As timelessly captured by the psychologist Kurt Lewin, a good theory should be practical. Thus, an important current and future challenge for the theory of ecological dynamics resides within its practical integration. We sought to provide insights into how high-level organisations have attempted to integrate ecological dynamics for performance preparation. It was not our intention to prescribe a universal solution for performance preparation, but rather offer the readership an overview on how some professional sporting organisations are seeking to challenge traditional ideologies of performance preparation. More specifically, these case examples were intended as models exemplifying how practitioners and organisations could challenge themselves to adapt strategies to design contemporary practice tasks within their ecosystem. To continually assist this process, we encourage the sport science community to promote the sharing and scientific publication of exemplars and/or case studies that afford opportunities to accept, reject or adapt practical approaches used by others. We perceive that it is this continued sharing, offering and discussion of application and methodological ideas in the sport sciences that will advance the application of (good) theory.

Acknowledgements

The authors would like to thank the respective Australian football and Association Football organisations—specifically the Football and Research and Development departments at both organisations. We would also like to thank the anonymous reviewers for their constructive feedback during the review process.

Authors’ contributions

All authors conceived the contents of the manuscript, and contributed to drafting and critique. The authors read and approved the final manuscript.

Authors’ information

Carl Woods is a Senior Research Fellow in skill acquisition within the Institute of Health and Sport at Victoria University, Ian McKeown is the Head of High Performance within an Australian Football League club, Mark O’Sullivan is a UEFA A coach and Coach Education Manager at AIK Youth football, Sam Robertson is a Professor of Sports Analytics within the Institute of Health and Sport at Victoria University and Keith Davids is a Professor of Motor Learning within the Sport and Human Performance Research Group at Sheffield Hallam University.

Funding

No sources of funding were used to assist in the preparation of this article.

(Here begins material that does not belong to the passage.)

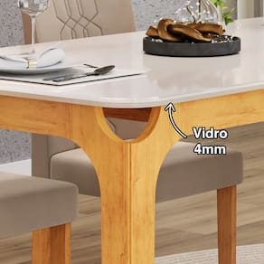 Marca: DJ Móveis Modelo: Mesa Marina Material da Estrutura (Cadeira e Mesa): MDF e MDP Quantidade de Cadeiras: 6 Peso Máximo Suportado Mesa: 15Kg Peso Máximo Suportado Cadeira: 130Kg Formato da Mesa: Retangular Tampo: Chanfrado Curvo Tampo Fixo: Pés Material do Tampo: MDF e Vidro Comum Pintado 4mm Acabamento das Bordas(Cadeira): PVC / Papel Revestimento externo: Impressão Ultravioleta com 08 camadas Alto brilho e Texturizado Fosco Possui Vidro: Sim Produto Extensível: Não Possui sapatas para proteger contra umidade do piso: Sim, sapatas deslizadoras Marca: Não Informado
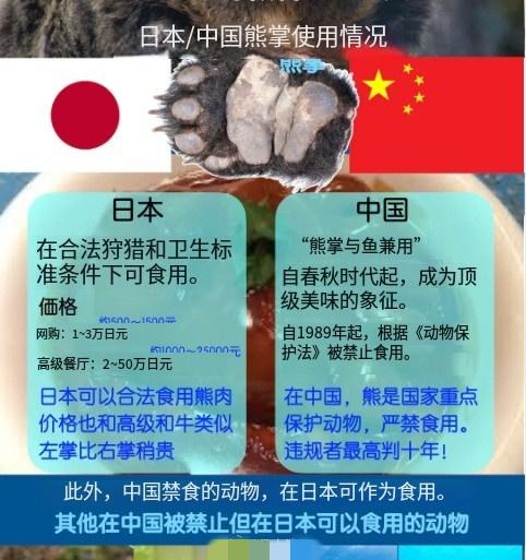 日本网民制作的中日食用熊掌法律对照图,日本甚至开发出食用熊掌美食地图。国际上各种动物保护协会是不是应该出来做事了?毕竟今年以来,光北海道已有超过960头熊被猎杀。是人类抢了熊的居住地,千百年来熊在北海道生活的挺好的。[吐舌] 日本水产品 黑熊熊掌 中日水产品

Availability of data and materials

Not applicable.

Ethics approval and consent to participate

Organisational consent was sought.

Consent for publication

Organisational approval gained.

Competing interests

Carl Woods, Ian McKeown, and Mark O’Sullivan work or have worked at the sporting organisations discussed here. These authors, as well as Sam Robertson and Keith Davids, declare that they have no other conflicts of interest relevant to the content of this article.